Hence Trump’s political opponents are cast as “globalists” who “want the globe to do well, frankly, not caring about our country”. They support “caravans” of “unknown Middle Easterners” (read: terrorists) who are coming to threaten the security of the country. They rely in elections on the votes of millions of non-American “illegals”, as Trump suggested of Hillary Clinton in 2016. Most of all, Trump has been obsessed with overturning the legacy of his first political foil, President Obama, who he alleged was literally foreign-born and hence not a real American.

The threat of violence has never been far behind. Trump suggested that Obama was the “founder” of Isis and that the group, which the US is pledged to destroy, “honors” him. He said that “second amendment people” might be best-placed to deal with Hillary Clinton. Only last week he praised a Republican congressman for body-slamming a Guardian journalist who asked him a question he didn’t like.
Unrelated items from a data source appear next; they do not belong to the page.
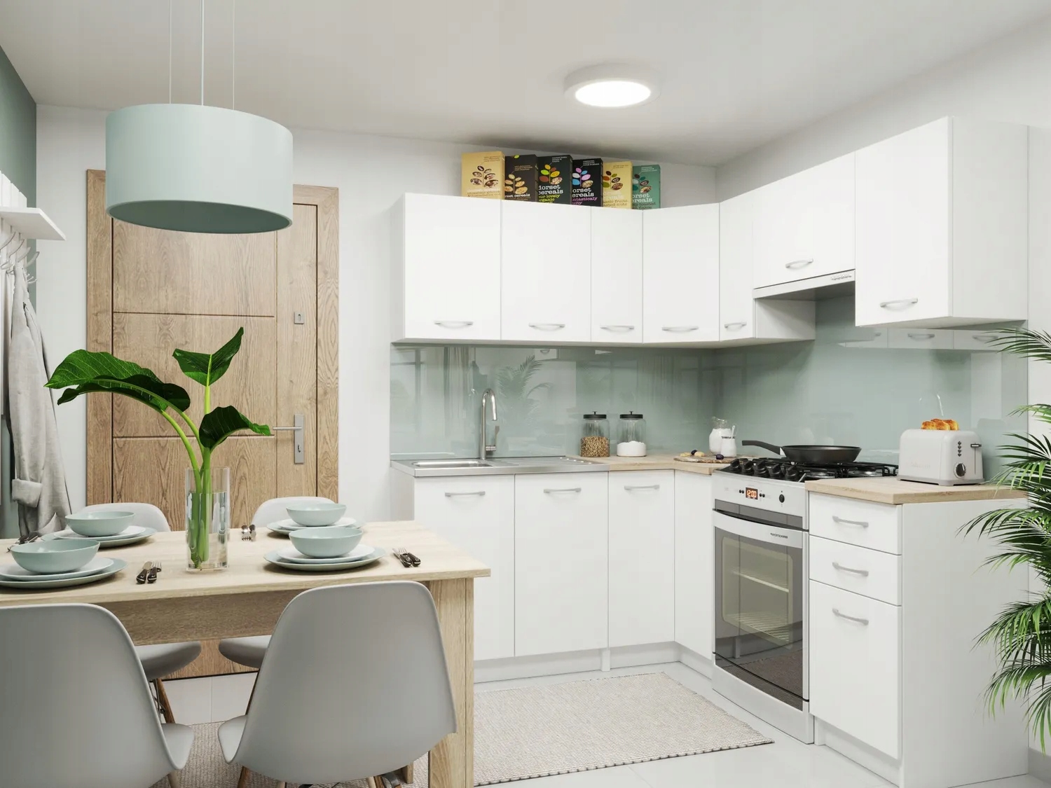 Zestaw mebli kuchennych Nicea Narożne Białe + BLAT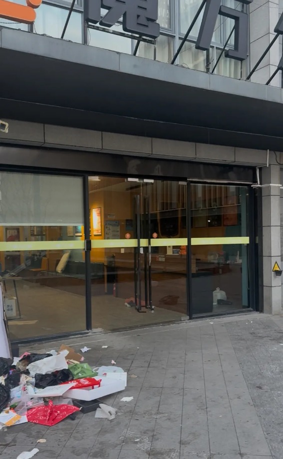 12月29日,魔方公寓(碧云国际店)大门紧闭,门口堆满垃圾,但屋内灯还亮着。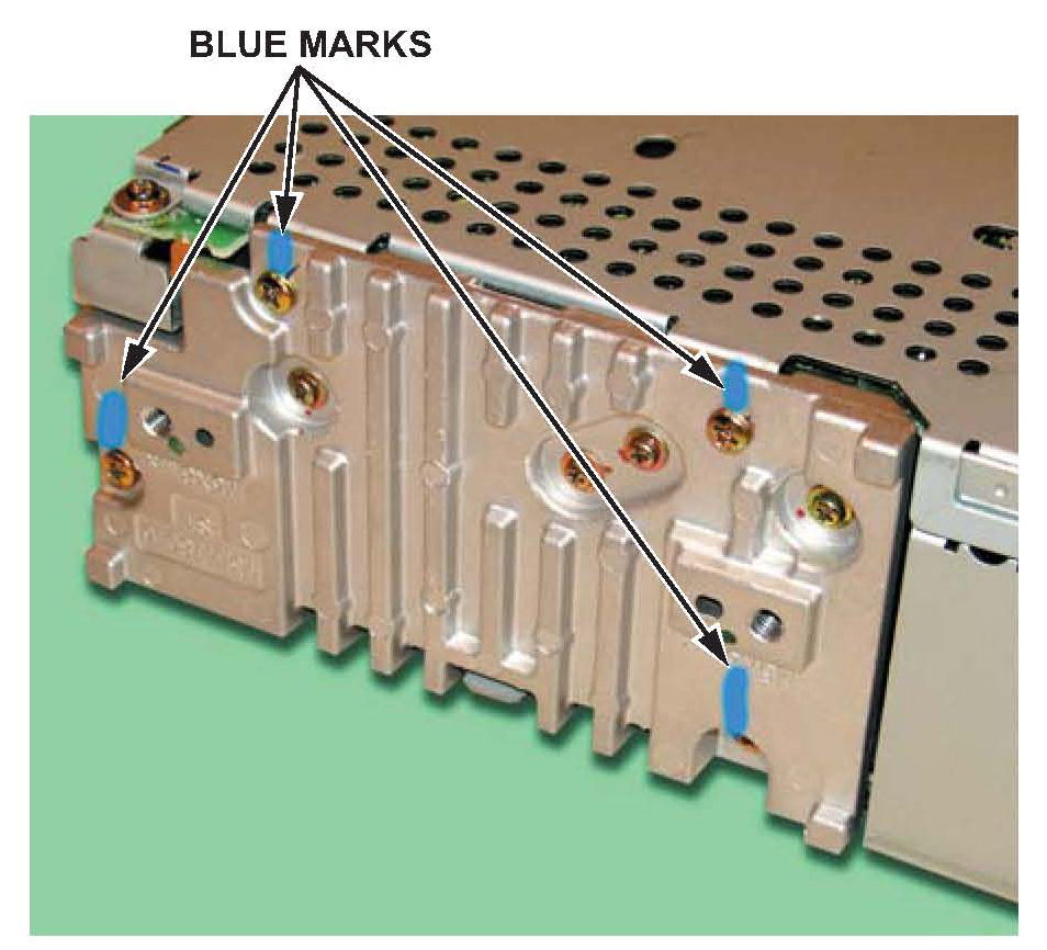 3. Using the blue marker, mark the four 3 x 8 mm screws on the audio unit's heat sink as shown. Then remove the four screws, and place them in the section of the screw container marked with the blue dot.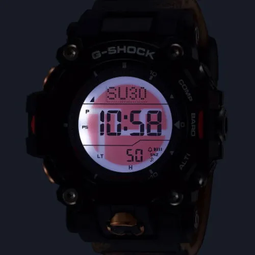 Das sandfarbige Band wurde entwickelt, um das Gefühl des Rennfahrens durch Wüstensandsand zu erfassen. Es ist mit einem schwarzen Spritzmuster bedruckt, das an die Spuren erinnert, die von Rennfahrern zurückgelassen werden. Die Komponenten der Edelstahllünette – die erste beim Modell GW-9500 – sind schwarz beschichtet, was für ein furchtloses Erscheinungsbild sorgt, das sowohl Stärke als auch praktischen Luxus ausstrahlt.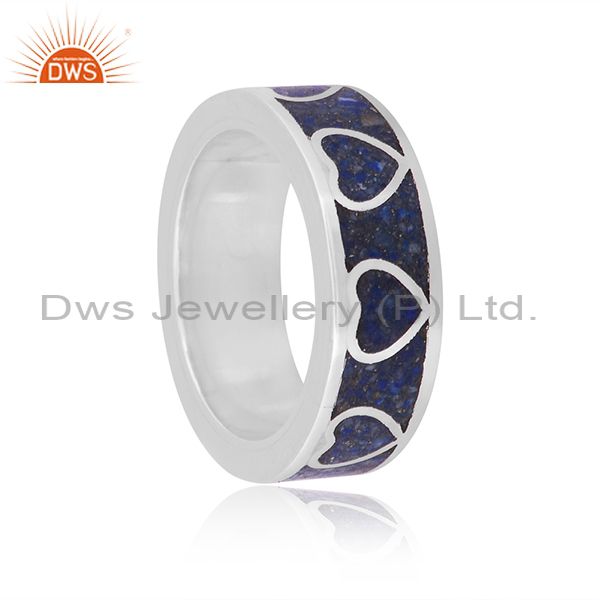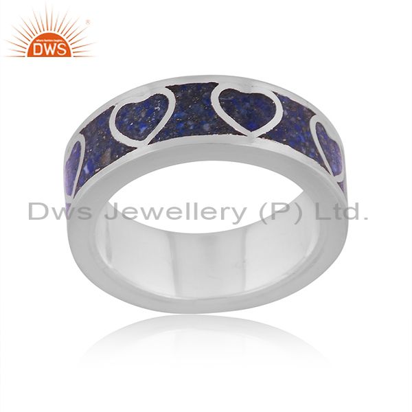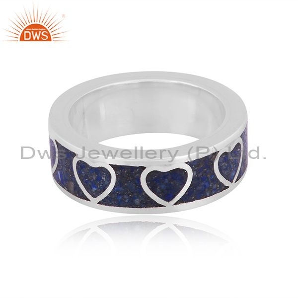 Lapis Coin Set Fine 925 Sterling Silver Hearts Embossed Ring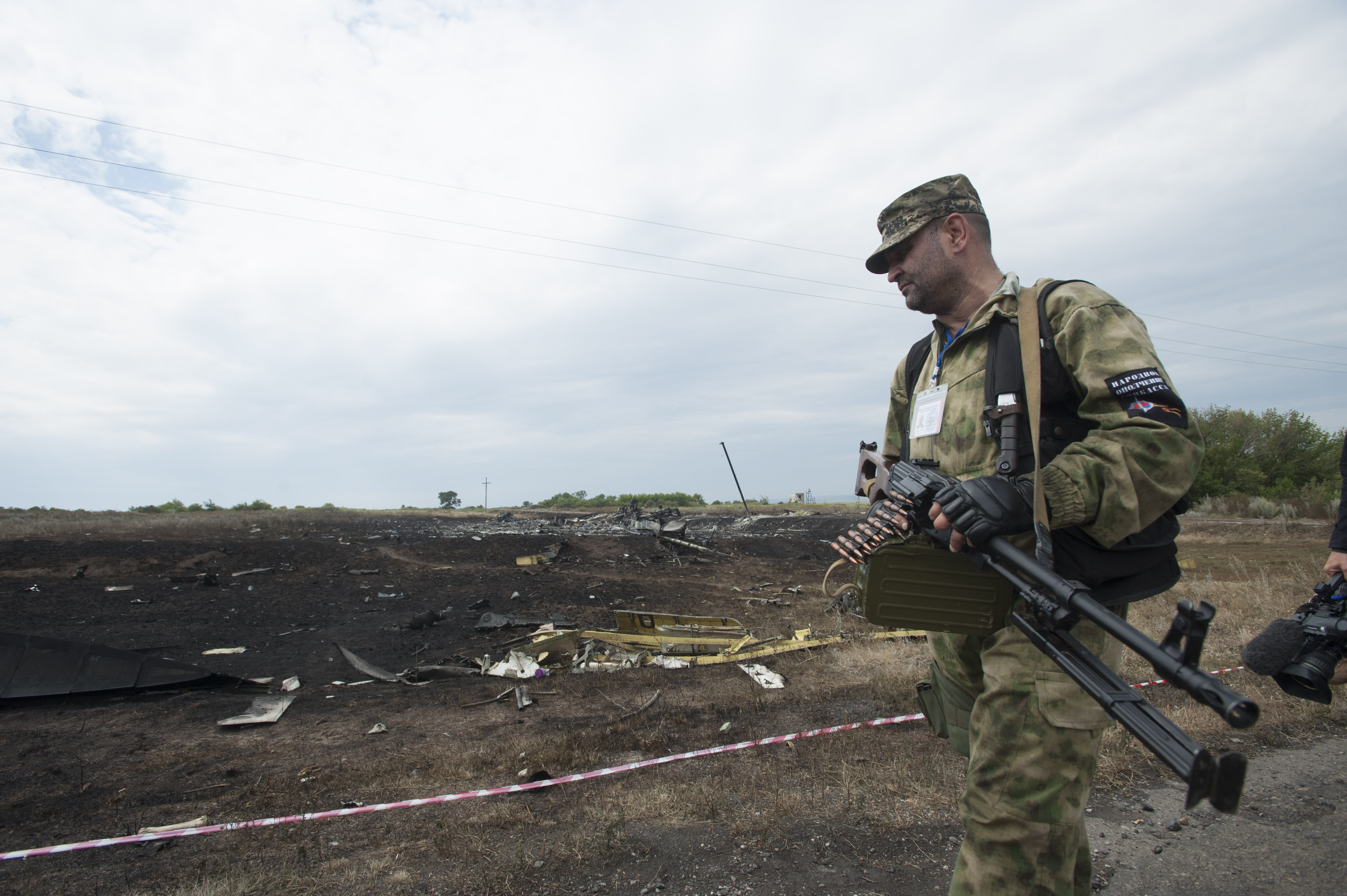 Хорошо вооруженный сепаратист охраняет место аварии MH17.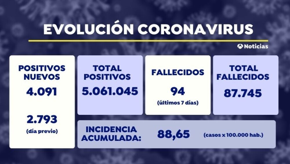 El último informe del Ministerio de Sanidad registra 5.061.045 casos confirmados de covid-19, 2.793 diagnosticados en el día previo. La incidencia sigue aumentando por encima de los 88 casos.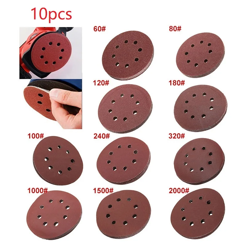 10 шт., наждачные диски с 8 отверстиями, 125 мм, 5 дюймов

Trump and his supporters see themselves as engaged in an apocalyptic struggle to defend America against a coalition of liberal whites and ethnic minorities who seek to degrade it. They are fueled by a conservative media machine which simply invents lies and outlandish conspiracy theories if they serve the needs of the movement – such as that the recent spate of attempted bombings was carried out by liberals seeking to embarrass President Trump.

It is no surprise that this febrile atmosphere, in which any lie can be justified if it paints the president’s opponents as traitors, would lead to violence. But what is particularly disturbing is that the propaganda which inspires this violence has been outsourced to private organizations, meaning no simple change of government by election can end it. Nowadays, even the president himself gets his daily talking points by parroting Fox News, which he believes over his own government officials. The rot is pernicious and deep, and it will inevitably lead to more violence.

In other times and places, groups of private individuals willing to deploy violence on behalf of a particular vision of the state have been instrumental in the rise of fascism. America, because it still has strong institutions despite the damage of the Trump era, is not there yet. But parts of the foundation are sinking into place, and it is unlikely they can be uprooted without a concerted effort.

Changing course depends on Trump’s brand of nationalism not being seen to pay political dividends. The question of whether the conservative movement will play with fire in order to gain power is no longer in doubt; they will and they are. The question now is whether they can get away with it. The election in two weeks will either be a warning to them or a vindication – a vindication that might tempt the president and his followers inside and outside of government to who knows what extremes in the future.